_What to work on_
Pictures appear among the records below and must be omitted. Repeat exactly the lines from the line with "El diseño de" to the line with "YUNTX Android 14", both included.

_Entries provided_
_ _ _ _ _

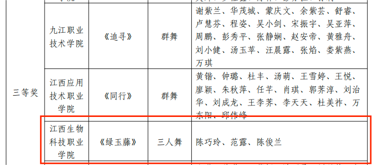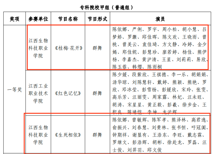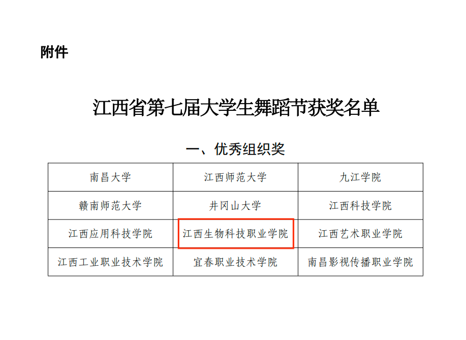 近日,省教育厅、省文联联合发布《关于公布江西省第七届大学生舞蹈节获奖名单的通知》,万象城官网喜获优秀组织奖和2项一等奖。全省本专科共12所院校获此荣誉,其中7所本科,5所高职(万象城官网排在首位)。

_ _ _ _ _

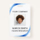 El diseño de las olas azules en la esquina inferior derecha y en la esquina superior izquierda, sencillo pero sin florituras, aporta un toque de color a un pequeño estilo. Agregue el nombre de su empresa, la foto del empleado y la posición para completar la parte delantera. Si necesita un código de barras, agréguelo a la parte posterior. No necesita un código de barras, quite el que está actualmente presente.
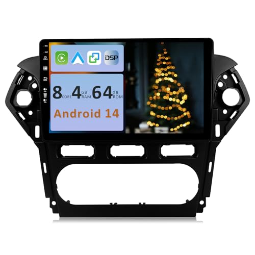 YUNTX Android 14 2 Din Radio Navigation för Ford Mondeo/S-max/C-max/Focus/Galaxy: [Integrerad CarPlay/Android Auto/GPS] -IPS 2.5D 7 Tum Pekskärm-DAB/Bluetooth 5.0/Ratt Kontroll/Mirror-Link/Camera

_ _ _ _ _

_Written solution_
 El diseño de las olas azules en la esquina inferior derecha y en la esquina superior izquierda, sencillo pero sin florituras, aporta un toque de color a un pequeño estilo. Agregue el nombre de su empresa, la foto del empleado y la posición para completar la parte delantera. Si necesita un código de barras, agréguelo a la parte posterior. No necesita un código de barras, quite el que está actualmente presente.
 YUNTX Android 14 2 Din Radio Navigation för Ford Mondeo/S-max/C-max/Focus/Galaxy: [Integrerad CarPlay/Android Auto/GPS] -IPS 2.5D 7 Tum Pekskärm-DAB/Bluetooth 5.0/Ratt Kontroll/Mirror-Link/Camera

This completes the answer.